Voilà le texte que je rédigeais à la demande du Secrétariat de l’enseignement catholique en Juin 2025 en cette année de l’anniversaire des 20 ans de la Loi. Il est bien sûr toujours d’actualité.
Interroger le système actuel
Comment dépasser les constats partagés et mitigés autour des effets produits, de ce qui a changé, de ce qui a stagné ? Comment entrer dans une nouvelle perspective d’une école pour tous ? Comment mettre en œuvre l’acte II de l’école inclusive ?
Il faudrait bien sûr interroger, bousculer le système actuel…
Il serait nécessaire de s’accorder sur un projet de société qui voudrait que son école soit équitable, qu’elle soit fondée sur la coopération plutôt que la compétition…
Il s’agirait d’une école qui s’éloignerait de la norme, d’une organisation en classes d’âge, en emplois du temps peu flexibles, qui mettrait en œuvre des modalités d’enseignement différentes, qui cesserait de donner le primat aux évaluations certificatives et revisiterait les contenus d’enseignement…
Tout cela sera long et repose sur des décisions politiques courageuses et éclairées. Pour autant, les initiatives des différents acteurs qui font évoluer à bas bruit les pratiques, travaillent à ce projet humaniste qui vise le développement du plein potentiel de chaque personne dans toutes ses dimensions et dans une altérité reconnue comme essentielle.
Vivre et apprendre ensemble, semblables et différents… Telle pourrait être la ligne directrice.
Alors quelles directions se donner dans nos établissements, auprès des équipes, dans les diocèses, au sein des réseaux congréganistes ?
- Tout d’abord faire revivre une animation pédagogique du quotidien, en faire le cœur du réacteur des établissements. Mobiliser de petites équipes qui développeront l’accessibilité pédagogique, en diminuant la personnalisation et la remédiation mais en cherchant les obstacles en amont et en proposant des aides pour tous. Pour cela, faire un état des lieux et valoriser les savoirs expérientiels accumulés depuis 2005 au travers des aménagements et des divers projets mis en place (PAP, PPRE et PPS ) Accompagner des temps d’analyse des activités proposées aux élèves et apprendre à concevoir des séances rendues accessibles pour tous. Promouvoir auprès des familles une politique « d’aménagements maison » pour tous avec des pratiques pédagogiques qui visent la participation de chacun au sein d’un collectif à géométrie variable.

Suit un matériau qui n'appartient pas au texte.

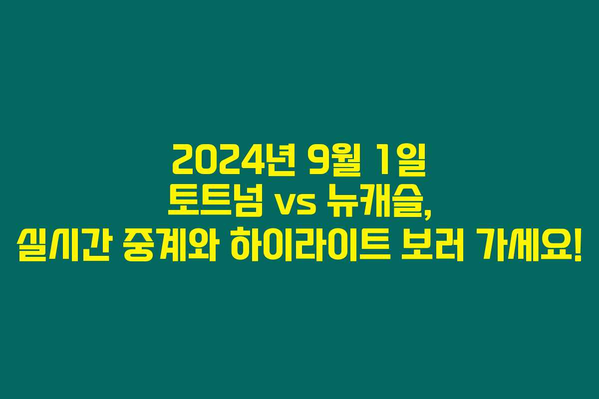 2024년 9월 1일에 펼쳐질 토트넘과 뉴캐슬의 빅매너, 놓치고 있는 분들 없나요? 이번 경기는 축구 팬이라면 절대 빼놓을 수 없는 중요한 경기가 될 거예요. 손흥민 선수의 멋진 플레이를 가까이서 보고 싶다면 아래를 읽어보시면 실시간 중계 방법과 하이라이트까지 모두 확인할 수 있습니다.

- Il y a aussi à viser la transformation d’un collège « unique » en un collège pour tous où différents parcours seraient possibles et contribueraient à la construction de la personne pour une orientation choisie.
- Dans ce processus de développement de nos jeunes, les liens avec les possibles de l’insertion professionnelle sont à étoffer ; à construire parfois, à inscrire vraiment dans un travail d’accompagnement et de « sur mesure ».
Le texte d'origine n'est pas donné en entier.